Состояние растерянности крепко поселилось в моей душе. Чему-то я радуюсь и поражаюсь. Невероятно похорошела залитая электричеством наша Москва. Много старинных отреставрированных зданий. Построено заново несколько театров, они несказанно хороши. Забыли, что такое пустые магазины, забыли слово «авоська», когда надеялись: авось удастся что-то достать.

Женщины все очень хорошо и красиво одеты, со вкусом, похожи на картинки из модных журналов. Кафе и рестораны заполнены людьми. Мои молодые знакомые и старые друзья запросто ездят туристами в любые страны, и в то же время в маленьких городах часто нет работы, закрыты места, где когда-то кипела жизнь. В деревнях остались только никому не нужные одинокие старики, а на лето туда приезжают лишь равнодушные к земле дачники. Всё за короткий срок подверглось изменению. Что-то стало лучше, что-то стало хуже. Все захотели разделяться, а не соединяться. Распался МХАТ на два театра, и ни тот ни другой ничего общего уже не имеют с тем старым МХАТом Станиславского и Немировича-Данченко. И Театр на Таганке разделился на два недружелюбных коллектива, оставив неизлечимые раны в душах когда-то дружной театральной семьи.

И наш Театр сатиры стал совсем другим. В конце 90-х годов начал сильно болеть Валентин Николаевич Плучек. Возраст его был уже очень солидный, здоровье плохое, да еще потеря двух великих артистов, Анатолия Папанова и Андрея Миронова, обескровила Сатиру. Нужно было найти силы, чтобы вести наш театральный корабль дальше, но это было невыносимо трудно. Наверное, смелые замыслы нашего руководителя упирались как в непробиваемую стену в потерю двух творческих гигантов, с которыми можно было замахнуться на дерзкие мечты. Правда, в 1994 году порадовал Плучек спектаклем «Укрощение строптивой» Шекспира, и хотя он не стал театральной сенсацией в Москве, но это была хорошая постановка с хорошими актерскими работами Маши Ильиной (Катарина) и Валерия Гаркалина (Петруччио). Этот спектакль и сейчас идет на сцене нашего театра, как и «Бешеные деньги» Островского, поставленные еще Андреем Мироновым.

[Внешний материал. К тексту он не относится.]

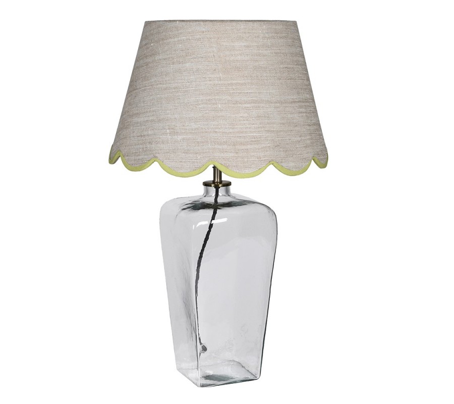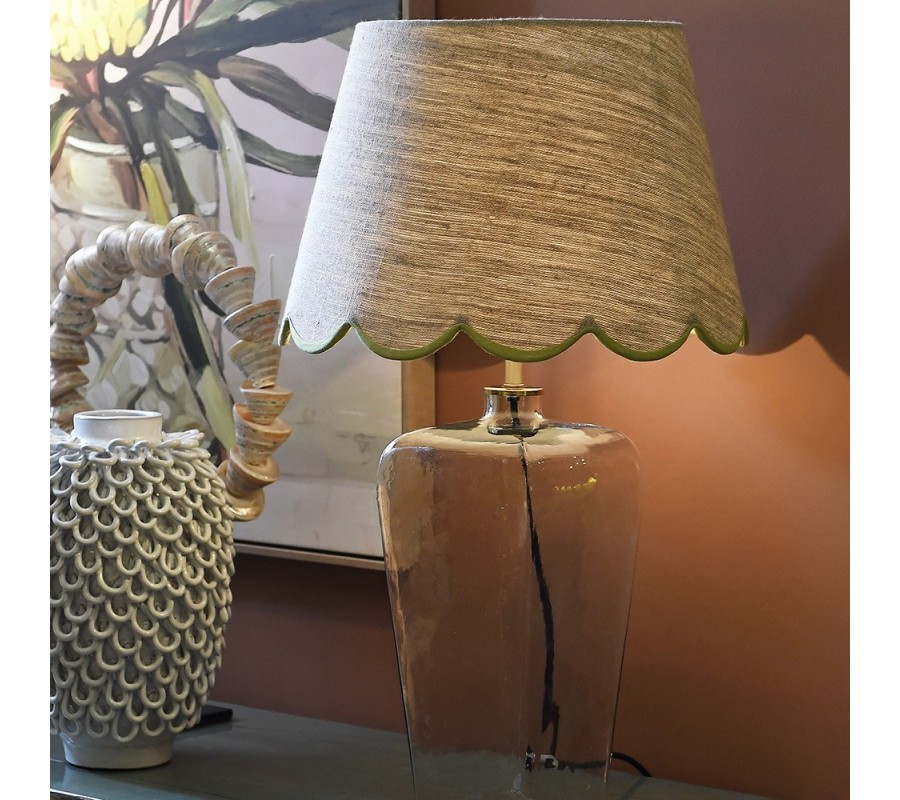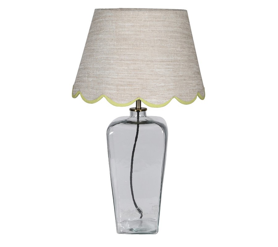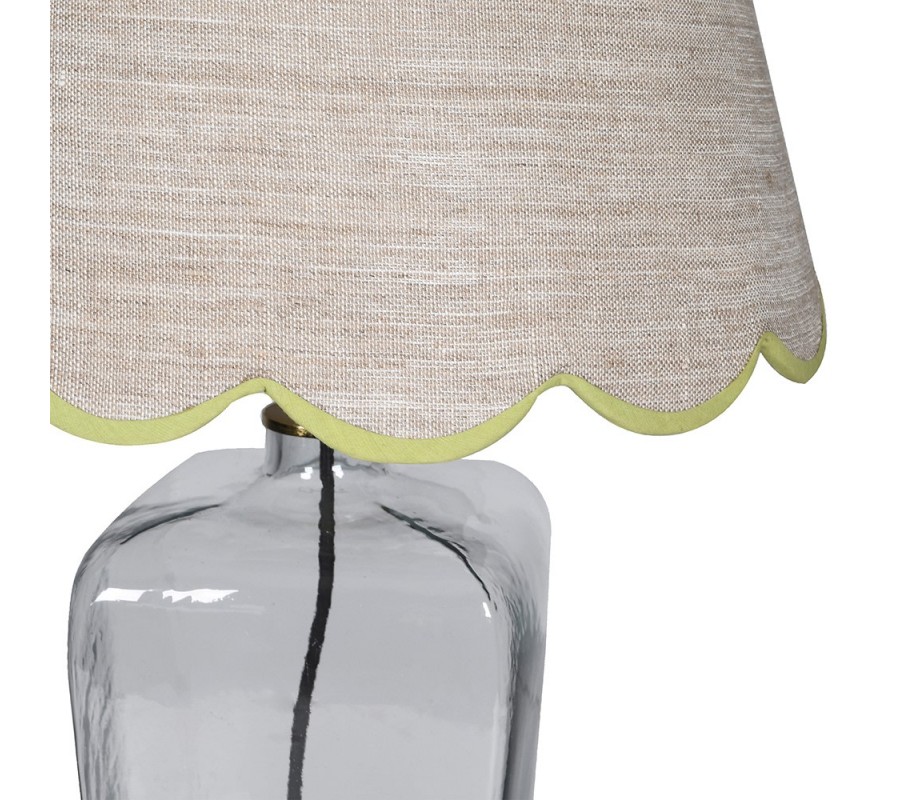 Jemná a stylová stolní lampa Bella Verde vyniká svým elegantním designem s nádechem přírodní svěžesti. Kombinuje hranatou průhlednou skleněnou nohu s lehkým béžovým stínítkem ze lnu, jehož spodní okraj je vlnkovitě vykrojený a lemovaný jemnou zelenou stuhou.Tento detail dodává lampě originální a hravý vzhled, který zjemňuje celkový dojem a působí.

Последние годы перед уходом из жизни Валентин Николаевич из-за тяжелой болезни почти не появлялся в театре. Мы не знали, что делать. Другого режиссера не было, планов тоже не было, так как без Плучека никто ничего не решал. Поговаривали, что он сам хочет отойти от руководства и быть только почетным председателем худсовета, но и эти слухи оставались слухами. В разговорах между собой за кулисами часто произносилось имя Александра Ширвиндта как возможного руководителя театра. Зная его педагогическую деятельность, некоторые из поставленных им спектаклей, присущее ему чувство юмора, его не агрессивный, не жаждущий руководящего кресла характер, мы считали его вполне подходящим для этой должности человеком. Наверное, зная об этих настроениях коллектива, руководство Министерства культуры предложило Ширвиндту возглавить театр, а Валентину Николаевичу Плучеку быть почетным членом художественного совета, с сохранением всех прежних материальных вознаграждений и привилегий.

Это было воспринято им и его женой Зинаидой Павловной как предательство, как нож в спину, да и Москва театральная возмущенно отреагировала на выдвижение кандидатуры Александра Анатольевича. Но на общем собрании труппы все проголосовали за него, и после согласия Ширвиндта жизнь в театре вновь потекла приблизительно так же. В прессе иногда проскальзывали злобные статьи против нового руководителя, а коллектив ждал первого его спектакля. И он появился – это был «Андрюша», посвященный Андрею Миронову, сделанный с любовью и юмором. Шел он с большим успехом. Мне кажется, такое начало Ширвиндта было достаточно правильным и благородным человеческим поступком.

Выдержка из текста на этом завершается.